Week 2 - Uncertainty

The goal of this assignment is to become familiar with the simulator and explore uncertainties in the sensors and motion.

Task 1 – The simulator

Download the repository containig the simulator from GitHub https://github.com/Robotics-BUT/MPC-MAP-Student, and become familiar with it (see the Simulator section).

  • Explore the private_vars, read_only_vars, and public_vars data structures.
  • Become familiar with the sequence of the operations in the infinite simulation loop in main.m and algorithms/student_workspace.m.
  • Load different maps via algorithms/setup.m and set different start positions.
  • Try various motion commands in algorithms/motion_control/plan_motion.m and observe the robot's behaviour.

No output is required in this step.

Task 2 – Sensor uncertainty

The robot is equipped with an 8-way LiDAR and a GNSS receiver. Determine the standard deviation (std) sigma for the data from both sensors by placing the robot in a static position (zero velocities) in suitable maps and collecting data for at least 100 simulation periods. Discuss whether the std is consistent across individual LiDAR channels and both GNSS axes. Plot histograms of the measurements.

Task 3 – Covariance matrix

Use the measurements from the previous step and MATLAB's internal cov function to assemble the covariance matrix for both sensors. Verify that the resultant matrix is of size 8×8 for the LiDAR and 2×2 for the GNSS. Ensure that the values on the main diagonal are equal to sigma^2, i.e., variance=std^2`.

Task 4 – Normal distribution

Create a function norm_pdf to assemble the probability density function (pdf) of the normal distribution. The function should accept three arguments: x (values at which to evaluate the pdf), mu (mean), and sigma (standard deviation). Utilize this function along with the sigma values from Task 2 (e.g., for the 1st LiDAR channel and the X GNSS axis) to generate two pdf illustrating the noise characteristics of the robot's sensors, and plot them in a single image (use mu=0 in both cases).

Task 5 – Motion uncertainty

Uncertainty exists not only in the measurements (sensor data) but also in the motion. Load the indoor_1 map and attempt to navigate the robot to the goal location without using sensors. To achieve this, apply an appropriate sequence of motion commands inside the plan_motion.m function. Save a screenshot of a successful run and discuss the potential sources of uncertainty in the robot's motion.

Submission

To implement the tasks, use only the algorithms directory; do not modify the rest of the simulator. The solution must run without errors in a fresh instance of the simulator and must generate the graphical outputs included in the report.

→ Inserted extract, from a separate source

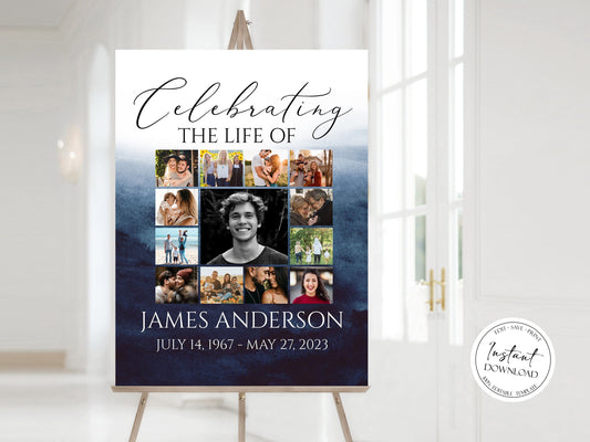 Celebration Of Life Blue Watercolor Ocean Photo Collage Funeral Welcome Sign Template B5
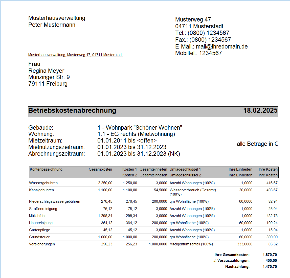 Hier werden entsprechend der Gesamteinheiten und eigenen Einheiten die Kosten angegeben, die vom Mieter zu tragen sind. Dieser Betrag wird wie folgt berechnet: Ihre Kosten = (Gesamtkosten : Gesamteinheiten) x Ihre Einheiten Nachdem in dieser Weise alle Umlagekonten aufgeführt wurden, wird am Ende der Mieterabrechnung die Gesamtsumme der eigenen Kosten ausgewiesen und mit den Heiz- und Nebenkostenvorauszahlungen verrechnet. Das Ergebnis der Abrechnung zeigt an, ob der Mieter eine Nachzahlung leisten muss oder einen Betrag zurückerstattet bekommt. Ist der Mieter vorsteuerabzugsberechtigt (siehe Mieter verwalten), wird auf die Gesamtkosten der für die Vermietung zutreffenden MwSt.-Satz, entsprechend des Grundsatzes Hauptlast trägt Nebenlast, angewandt. |

Create a single A4 report to the provided template that briefly describes your solution, with a few sentences for each task and an image where applicable.

Send the report and a zip archive containing the algorithms directory to the lecturer's e-mail by Wednesday at 23:59 next week.

For those using Git for version control, you can send a link to your public GitHub repository instead of the zip file. The repository must contain the simulator with the algorithms directory with your solution. Please tag the final version with week_2 tag to ensure easy identification.